How to complete this task => Print the lines that run from the line with "Modes 05/06 and OBD DTC Summary Table" to the line with "Keywords: Meyer Zeit-Vertreib", keeping both end lines, exactly as they appear in the entries below, and nothing else.
********
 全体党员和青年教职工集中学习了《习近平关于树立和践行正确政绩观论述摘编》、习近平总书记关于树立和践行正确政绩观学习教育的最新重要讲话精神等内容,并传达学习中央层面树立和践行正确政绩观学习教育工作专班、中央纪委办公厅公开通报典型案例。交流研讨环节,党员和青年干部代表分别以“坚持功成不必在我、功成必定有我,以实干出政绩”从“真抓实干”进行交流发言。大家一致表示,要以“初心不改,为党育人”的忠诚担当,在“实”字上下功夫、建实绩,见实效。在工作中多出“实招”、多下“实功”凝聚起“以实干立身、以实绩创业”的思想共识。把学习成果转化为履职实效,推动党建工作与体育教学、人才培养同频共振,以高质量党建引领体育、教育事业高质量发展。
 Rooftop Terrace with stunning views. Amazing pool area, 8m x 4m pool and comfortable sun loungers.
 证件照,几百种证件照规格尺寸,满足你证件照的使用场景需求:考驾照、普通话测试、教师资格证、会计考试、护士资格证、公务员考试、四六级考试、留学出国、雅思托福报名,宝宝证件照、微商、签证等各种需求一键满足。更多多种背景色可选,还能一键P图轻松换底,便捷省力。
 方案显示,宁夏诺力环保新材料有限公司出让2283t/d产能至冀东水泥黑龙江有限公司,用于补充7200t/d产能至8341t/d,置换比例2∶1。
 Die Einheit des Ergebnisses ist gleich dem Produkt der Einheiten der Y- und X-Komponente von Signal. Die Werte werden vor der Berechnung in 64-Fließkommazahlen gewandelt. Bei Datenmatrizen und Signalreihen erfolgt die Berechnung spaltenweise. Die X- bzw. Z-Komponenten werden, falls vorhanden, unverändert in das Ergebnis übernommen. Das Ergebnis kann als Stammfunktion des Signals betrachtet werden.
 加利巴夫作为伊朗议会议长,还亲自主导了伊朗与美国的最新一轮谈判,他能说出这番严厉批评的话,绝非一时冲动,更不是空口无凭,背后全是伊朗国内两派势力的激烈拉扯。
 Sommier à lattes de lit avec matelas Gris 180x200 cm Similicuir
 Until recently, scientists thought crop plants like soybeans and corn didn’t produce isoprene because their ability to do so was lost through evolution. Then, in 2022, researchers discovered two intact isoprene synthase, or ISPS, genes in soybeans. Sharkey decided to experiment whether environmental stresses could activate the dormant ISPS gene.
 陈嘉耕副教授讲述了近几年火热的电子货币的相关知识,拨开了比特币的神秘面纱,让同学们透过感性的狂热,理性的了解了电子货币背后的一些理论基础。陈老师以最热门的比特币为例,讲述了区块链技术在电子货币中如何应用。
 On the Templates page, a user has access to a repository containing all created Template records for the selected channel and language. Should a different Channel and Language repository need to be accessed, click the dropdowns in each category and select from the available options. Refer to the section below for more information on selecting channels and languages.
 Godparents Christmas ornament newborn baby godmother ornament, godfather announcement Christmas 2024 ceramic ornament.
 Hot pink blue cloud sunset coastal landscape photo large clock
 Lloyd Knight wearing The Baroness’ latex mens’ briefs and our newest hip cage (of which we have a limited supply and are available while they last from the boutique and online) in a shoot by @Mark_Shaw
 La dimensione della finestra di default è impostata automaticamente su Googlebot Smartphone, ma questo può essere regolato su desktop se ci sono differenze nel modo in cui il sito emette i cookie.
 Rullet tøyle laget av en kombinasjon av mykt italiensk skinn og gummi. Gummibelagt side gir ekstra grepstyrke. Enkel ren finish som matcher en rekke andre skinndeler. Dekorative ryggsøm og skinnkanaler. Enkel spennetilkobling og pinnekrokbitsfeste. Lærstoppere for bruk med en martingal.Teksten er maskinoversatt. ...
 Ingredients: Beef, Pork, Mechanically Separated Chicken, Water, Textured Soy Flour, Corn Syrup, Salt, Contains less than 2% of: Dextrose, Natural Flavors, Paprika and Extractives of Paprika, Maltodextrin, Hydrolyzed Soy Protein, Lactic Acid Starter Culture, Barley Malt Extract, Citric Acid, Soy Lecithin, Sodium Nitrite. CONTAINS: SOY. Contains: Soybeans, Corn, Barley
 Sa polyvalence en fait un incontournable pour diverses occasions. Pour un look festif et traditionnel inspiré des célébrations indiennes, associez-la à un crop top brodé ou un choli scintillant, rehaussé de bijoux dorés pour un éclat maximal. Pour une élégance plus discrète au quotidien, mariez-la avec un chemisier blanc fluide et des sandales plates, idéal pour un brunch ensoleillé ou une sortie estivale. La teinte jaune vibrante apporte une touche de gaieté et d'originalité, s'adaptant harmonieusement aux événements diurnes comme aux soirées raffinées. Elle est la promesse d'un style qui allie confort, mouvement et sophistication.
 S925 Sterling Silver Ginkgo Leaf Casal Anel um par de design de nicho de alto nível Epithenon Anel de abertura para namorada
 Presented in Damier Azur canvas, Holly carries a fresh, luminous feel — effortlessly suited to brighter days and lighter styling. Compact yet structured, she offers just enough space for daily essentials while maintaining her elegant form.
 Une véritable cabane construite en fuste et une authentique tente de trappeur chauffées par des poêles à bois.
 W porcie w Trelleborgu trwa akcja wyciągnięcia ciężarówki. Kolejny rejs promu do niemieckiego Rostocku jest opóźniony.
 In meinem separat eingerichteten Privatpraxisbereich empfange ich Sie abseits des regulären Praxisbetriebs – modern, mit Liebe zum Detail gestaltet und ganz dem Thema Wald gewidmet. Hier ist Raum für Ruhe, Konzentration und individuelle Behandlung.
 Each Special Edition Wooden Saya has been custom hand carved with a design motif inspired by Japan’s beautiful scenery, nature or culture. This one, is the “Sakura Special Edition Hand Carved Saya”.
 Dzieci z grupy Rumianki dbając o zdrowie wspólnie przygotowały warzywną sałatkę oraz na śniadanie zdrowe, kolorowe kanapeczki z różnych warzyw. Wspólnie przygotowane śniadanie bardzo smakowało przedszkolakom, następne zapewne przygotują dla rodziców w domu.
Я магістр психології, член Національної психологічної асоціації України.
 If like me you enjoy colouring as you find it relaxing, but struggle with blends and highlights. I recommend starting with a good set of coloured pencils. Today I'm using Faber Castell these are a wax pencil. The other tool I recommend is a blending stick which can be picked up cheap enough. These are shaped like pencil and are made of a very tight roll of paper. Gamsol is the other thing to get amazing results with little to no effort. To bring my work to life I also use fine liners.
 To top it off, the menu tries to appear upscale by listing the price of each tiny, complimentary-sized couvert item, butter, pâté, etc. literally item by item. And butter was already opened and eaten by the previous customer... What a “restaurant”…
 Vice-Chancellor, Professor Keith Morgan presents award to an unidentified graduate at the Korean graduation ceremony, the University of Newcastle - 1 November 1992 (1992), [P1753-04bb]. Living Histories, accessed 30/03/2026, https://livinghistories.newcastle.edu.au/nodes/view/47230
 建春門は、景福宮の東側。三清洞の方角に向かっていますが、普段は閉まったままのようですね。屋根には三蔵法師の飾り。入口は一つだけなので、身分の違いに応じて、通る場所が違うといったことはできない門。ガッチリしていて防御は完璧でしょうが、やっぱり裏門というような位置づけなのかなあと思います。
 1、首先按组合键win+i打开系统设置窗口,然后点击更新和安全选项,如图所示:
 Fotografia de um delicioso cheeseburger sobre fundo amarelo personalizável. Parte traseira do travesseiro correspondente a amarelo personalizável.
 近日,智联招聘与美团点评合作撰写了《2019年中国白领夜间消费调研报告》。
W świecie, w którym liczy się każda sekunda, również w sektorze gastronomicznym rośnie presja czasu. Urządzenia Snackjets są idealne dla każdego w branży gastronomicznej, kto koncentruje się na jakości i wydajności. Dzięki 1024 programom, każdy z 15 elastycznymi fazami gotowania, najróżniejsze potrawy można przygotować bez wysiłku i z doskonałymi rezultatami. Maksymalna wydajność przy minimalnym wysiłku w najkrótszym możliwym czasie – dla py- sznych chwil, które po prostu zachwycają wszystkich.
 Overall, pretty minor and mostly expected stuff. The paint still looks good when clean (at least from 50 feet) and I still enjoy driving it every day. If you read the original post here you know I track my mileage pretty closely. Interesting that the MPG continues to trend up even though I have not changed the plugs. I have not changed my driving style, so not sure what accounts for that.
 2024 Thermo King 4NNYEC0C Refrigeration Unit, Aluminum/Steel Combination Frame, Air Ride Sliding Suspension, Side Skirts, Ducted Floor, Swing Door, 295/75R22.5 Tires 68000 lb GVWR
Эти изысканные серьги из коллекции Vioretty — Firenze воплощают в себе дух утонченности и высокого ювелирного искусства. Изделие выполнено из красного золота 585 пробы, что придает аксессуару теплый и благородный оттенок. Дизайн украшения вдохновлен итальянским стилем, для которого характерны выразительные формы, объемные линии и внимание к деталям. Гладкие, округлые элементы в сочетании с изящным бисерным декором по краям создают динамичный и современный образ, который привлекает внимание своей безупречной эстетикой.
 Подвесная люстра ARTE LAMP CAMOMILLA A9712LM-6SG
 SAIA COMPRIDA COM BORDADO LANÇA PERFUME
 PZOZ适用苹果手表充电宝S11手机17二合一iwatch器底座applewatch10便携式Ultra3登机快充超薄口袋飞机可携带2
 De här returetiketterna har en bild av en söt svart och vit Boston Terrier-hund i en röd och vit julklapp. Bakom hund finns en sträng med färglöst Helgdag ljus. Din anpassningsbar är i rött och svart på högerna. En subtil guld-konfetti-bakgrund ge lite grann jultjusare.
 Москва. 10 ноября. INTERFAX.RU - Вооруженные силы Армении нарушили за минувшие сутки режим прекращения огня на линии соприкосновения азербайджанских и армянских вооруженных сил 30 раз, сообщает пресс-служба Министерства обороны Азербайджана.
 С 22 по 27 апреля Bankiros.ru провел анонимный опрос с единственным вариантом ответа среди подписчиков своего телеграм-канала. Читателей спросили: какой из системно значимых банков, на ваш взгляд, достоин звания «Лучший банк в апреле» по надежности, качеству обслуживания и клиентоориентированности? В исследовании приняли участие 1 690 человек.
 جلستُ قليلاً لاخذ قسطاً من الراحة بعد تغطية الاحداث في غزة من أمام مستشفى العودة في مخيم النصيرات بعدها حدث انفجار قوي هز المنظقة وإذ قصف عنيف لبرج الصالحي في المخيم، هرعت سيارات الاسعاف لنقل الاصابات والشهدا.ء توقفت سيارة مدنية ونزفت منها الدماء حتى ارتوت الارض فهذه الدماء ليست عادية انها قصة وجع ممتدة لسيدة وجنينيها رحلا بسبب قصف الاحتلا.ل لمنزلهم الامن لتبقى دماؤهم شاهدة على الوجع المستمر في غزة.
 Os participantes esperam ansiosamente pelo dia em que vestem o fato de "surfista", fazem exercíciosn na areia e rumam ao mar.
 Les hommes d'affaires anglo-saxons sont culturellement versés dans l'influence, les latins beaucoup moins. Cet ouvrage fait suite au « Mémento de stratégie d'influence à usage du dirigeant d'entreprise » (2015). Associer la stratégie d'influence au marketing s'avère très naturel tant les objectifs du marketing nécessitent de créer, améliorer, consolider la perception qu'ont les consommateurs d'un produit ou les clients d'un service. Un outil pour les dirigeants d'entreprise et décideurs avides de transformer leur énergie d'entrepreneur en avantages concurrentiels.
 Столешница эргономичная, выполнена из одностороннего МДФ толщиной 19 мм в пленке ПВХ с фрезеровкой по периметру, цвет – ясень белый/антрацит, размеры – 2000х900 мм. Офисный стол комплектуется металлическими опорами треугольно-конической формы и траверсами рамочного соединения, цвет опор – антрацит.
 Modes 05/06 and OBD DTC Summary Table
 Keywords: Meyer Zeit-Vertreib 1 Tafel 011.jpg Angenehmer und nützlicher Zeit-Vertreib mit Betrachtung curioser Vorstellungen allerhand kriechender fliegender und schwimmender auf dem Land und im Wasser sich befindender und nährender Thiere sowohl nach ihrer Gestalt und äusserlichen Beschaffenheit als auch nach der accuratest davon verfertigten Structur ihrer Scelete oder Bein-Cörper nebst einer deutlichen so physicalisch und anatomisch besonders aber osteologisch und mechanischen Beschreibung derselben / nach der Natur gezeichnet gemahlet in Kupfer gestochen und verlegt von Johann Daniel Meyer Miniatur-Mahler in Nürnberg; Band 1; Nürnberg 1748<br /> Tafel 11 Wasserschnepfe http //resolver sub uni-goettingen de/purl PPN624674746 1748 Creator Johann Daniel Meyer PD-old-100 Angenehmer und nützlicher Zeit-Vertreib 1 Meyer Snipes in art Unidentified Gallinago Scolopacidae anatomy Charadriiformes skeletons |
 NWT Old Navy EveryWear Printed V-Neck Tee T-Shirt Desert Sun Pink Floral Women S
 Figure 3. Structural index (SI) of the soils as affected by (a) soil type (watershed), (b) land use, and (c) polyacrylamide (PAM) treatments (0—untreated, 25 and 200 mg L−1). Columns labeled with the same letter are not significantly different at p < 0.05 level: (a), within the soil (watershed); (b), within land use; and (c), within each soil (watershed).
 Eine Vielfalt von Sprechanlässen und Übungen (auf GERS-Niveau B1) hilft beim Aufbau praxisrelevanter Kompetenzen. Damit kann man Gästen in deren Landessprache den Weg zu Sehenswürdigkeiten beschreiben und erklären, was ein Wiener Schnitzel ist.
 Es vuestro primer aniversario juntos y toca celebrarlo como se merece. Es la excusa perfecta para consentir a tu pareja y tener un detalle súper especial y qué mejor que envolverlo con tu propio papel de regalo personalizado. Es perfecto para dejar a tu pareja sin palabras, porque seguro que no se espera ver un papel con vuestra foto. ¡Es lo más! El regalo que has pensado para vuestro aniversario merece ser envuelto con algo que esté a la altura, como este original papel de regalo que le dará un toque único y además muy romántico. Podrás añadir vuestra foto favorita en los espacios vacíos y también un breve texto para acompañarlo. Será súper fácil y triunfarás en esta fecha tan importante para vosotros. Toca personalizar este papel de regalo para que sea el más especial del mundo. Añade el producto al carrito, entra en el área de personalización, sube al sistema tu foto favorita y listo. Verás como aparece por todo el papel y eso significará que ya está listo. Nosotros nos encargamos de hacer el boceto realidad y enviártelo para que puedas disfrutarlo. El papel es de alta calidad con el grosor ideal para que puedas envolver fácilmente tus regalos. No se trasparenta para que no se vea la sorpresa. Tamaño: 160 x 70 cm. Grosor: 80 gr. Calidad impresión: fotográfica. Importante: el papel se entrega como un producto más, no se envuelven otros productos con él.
********
The answer =>
 Modes 05/06 and OBD DTC Summary Table
 Keywords: Meyer Zeit-Vertreib 1 Tafel 011.jpg Angenehmer und nützlicher Zeit-Vertreib mit Betrachtung curioser Vorstellungen allerhand kriechender fliegender und schwimmender auf dem Land und im Wasser sich befindender und nährender Thiere sowohl nach ihrer Gestalt und äusserlichen Beschaffenheit als auch nach der accuratest davon verfertigten Structur ihrer Scelete oder Bein-Cörper nebst einer deutlichen so physicalisch und anatomisch besonders aber osteologisch und mechanischen Beschreibung derselben / nach der Natur gezeichnet gemahlet in Kupfer gestochen und verlegt von Johann Daniel Meyer Miniatur-Mahler in Nürnberg; Band 1; Nürnberg 1748<br /> Tafel 11 Wasserschnepfe http //resolver sub uni-goettingen de/purl PPN624674746 1748 Creator Johann Daniel Meyer PD-old-100 Angenehmer und nützlicher Zeit-Vertreib 1 Meyer Snipes in art Unidentified Gallinago Scolopacidae anatomy Charadriiformes skeletons |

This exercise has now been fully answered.